──────── Information provided
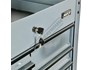 This great tool storage unit also has 2 internal screwdriver bays on both left & right side of the top compartment, key lockable top lid with mechanical drawer lock system that operates with the opening and closing of the lid. There also is plenty of storage below with a huge base shelf to hold larger items. This service tool cart is ideal for any workshop or home garage.
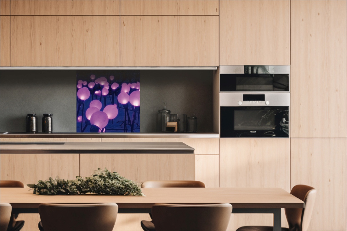 Placă decorativă dibond pentru bucătărie Iluminare violetă a grădinii - 60 x 60 cm
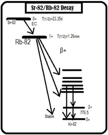 In 1953, it was discovered that rubidium carried a biological activity that was comparable to potassium.[1] In 1959, preclinical trials showed in dogs that myocardial uptake of this radionuclide was directly proportional to myocardial blood flow.[2] In 1979, Yano et al. compared several ion-exchange columns to be used in an automated 82Sr/82Rb generator for clinical testing.[3] Around 1980, pre-clinical trials began using 82Rb in PET. In 1982, Selwyn et al. examined the relation between myocardial perfusion and rubidium-82 uptake during acute ischemia in six dogs after coronary stenosis and in five volunteers and five patients with coronary artery disease.[4] Myocardial tomograms, recorded at rest and after exercise in the volunteers showed homogeneous uptake in reproducible and repeatable scans. Rubidium-82 has shown considerable accuracy, comparable to that of 99mTc-SPECT.[5][6] In 1989, the FDA approved the 82Rb/82Sr generator for commercial use in the U.S.[7] With increased 82Sr production capabilities, the use of 82Rb has increased over the last 10 years and is now approved by several health authorities worldwide.
────────────────
Brief:
Beginning at the line containing "Placă decorativă dibond", restate every line through the end of the material above exactly; omit the pictures.

Task solution:
 Placă decorativă dibond pentru bucătărie Iluminare violetă a grădinii - 60 x 60 cm
 In 1953, it was discovered that rubidium carried a biological activity that was comparable to potassium.[1] In 1959, preclinical trials showed in dogs that myocardial uptake of this radionuclide was directly proportional to myocardial blood flow.[2] In 1979, Yano et al. compared several ion-exchange columns to be used in an automated 82Sr/82Rb generator for clinical testing.[3] Around 1980, pre-clinical trials began using 82Rb in PET. In 1982, Selwyn et al. examined the relation between myocardial perfusion and rubidium-82 uptake during acute ischemia in six dogs after coronary stenosis and in five volunteers and five patients with coronary artery disease.[4] Myocardial tomograms, recorded at rest and after exercise in the volunteers showed homogeneous uptake in reproducible and repeatable scans. Rubidium-82 has shown considerable accuracy, comparable to that of 99mTc-SPECT.[5][6] In 1989, the FDA approved the 82Rb/82Sr generator for commercial use in the U.S.[7] With increased 82Sr production capabilities, the use of 82Rb has increased over the last 10 years and is now approved by several health authorities worldwide.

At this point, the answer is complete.